In copertina: Giuseppe Arcimboldo
Vertunno, 1590 (particolare)
© 2005 Daniele Lucchini, Mantova
www.librifinisterrae.com
Tutti i diritti riservati
ISBN: 9781326635558
Epigrafe
Correrò quest'avventura
come un angelo caduto giù dal ciel.
Senza ali non avrò paura,
solo voglia di cadere un po' più in là.
Daniele Lucchini, Girovago
Prefazione
Nato a Mantova alla metà del XVI secolo e morto a Gubbio nel 1608, il canonico lateranense Gregorio Comanini fu teologo, filosofo, poeta e studioso d'arte. Alla sua penna si deve in particolare uno dei primi testi di critica dell'arte, Il Figino, overo del fine della Pittura¹.
Sviluppato come un dialogo a tre tra un pittore, un letterato ed un teologo, il libro si dipana in una sottile e quasi cervellotica classificazione delle arti basata su definizioni prese a prestito dai filosofi greci, su tutti Platone, secondo un gusto per la catalogazione e la speculazione tipico della cultura del Cinque e Seicento nell'Europa meridionale.

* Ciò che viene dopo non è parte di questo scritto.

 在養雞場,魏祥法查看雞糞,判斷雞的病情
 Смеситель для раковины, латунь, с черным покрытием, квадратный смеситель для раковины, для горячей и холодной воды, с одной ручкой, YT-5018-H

Al termine del suo percorso l'autore arriva ad individuare due categorie d'arte: l'icastica, che imita il vero naturale (più propria della pittura), e la fantastica, che inventa cose immaginarie (più propria della poesia).

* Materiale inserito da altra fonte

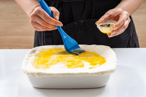Place filling on one layer of dough, cover with the second, seal the edges, brush the entire surface with beaten egg yolk, and make a hole for steam to escape. Bake for 45 minutes.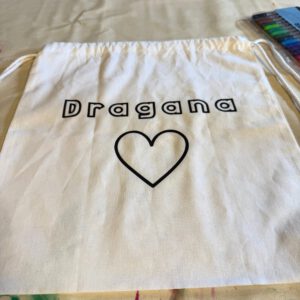 Als de tas bedrukt is, mag je hem ook nog inkleuren met textielstiften. Zo wordt jouw tas echt orgineel.

Sincero estimatore e della tavolozza e della penna, però non si spinge mai a stabilire una superiorità tra le due muse. In lui anzi la pratica stessa della rima è da considerarsi sempre strettamente collegata agli studi e all'interesse per l'arte figurativa.

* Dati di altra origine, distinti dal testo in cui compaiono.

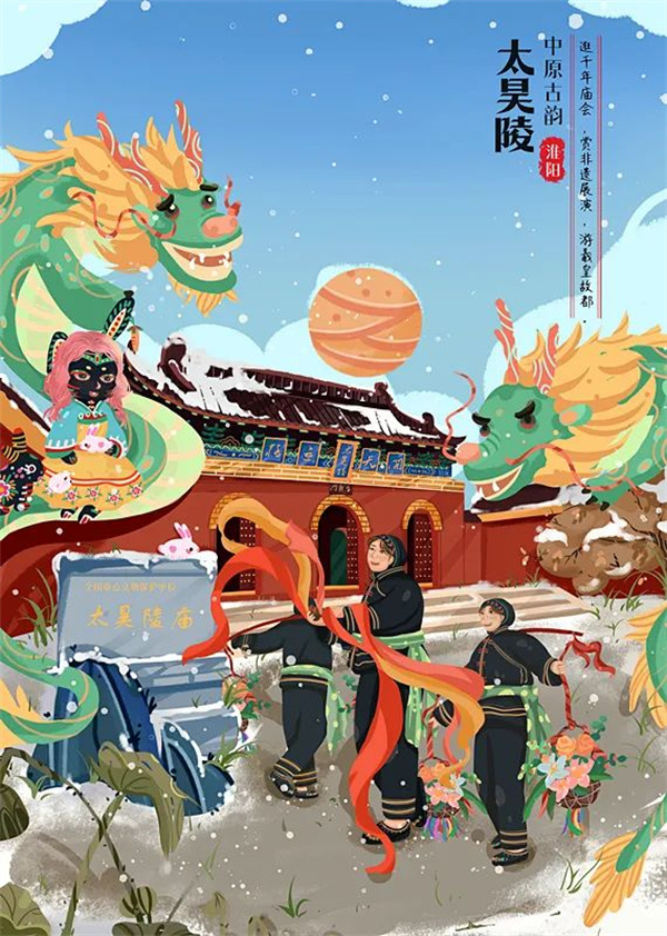 伏羲雕像、太昊陵統(tǒng)天殿、泥泥狗、荷花。

Per capire meglio quanto stiamo esprimendo potrà essere molto utile prestare attenzione ai seguenti versi tratti dal suo canzoniere:
Son io Flora, o pur fiori? / Se fior, come di Flora / ho la sembianza, e ‘l riso? e s’io son Flora, / come Flora è sol fiori? / Deh, né fiori son io, né men son Flora: / anzi son Flora, e fiori: / mille fiori, una Flora; / però, che i fior fan Flora, e Flora i fiori. / Sai come? i fior in Flora / cangiò saggio pittore, e Flora in fiori
.
Si tratta della trasposizione lirica del dipinto noto appunto come La Flora di Giuseppe Arcimboldo, l'amico pittore milanese apprezzato più alla corte imperiale di Praga che in patria e passato alla storia per i suoi ritratti composti di ortaggi, vegetali, libri.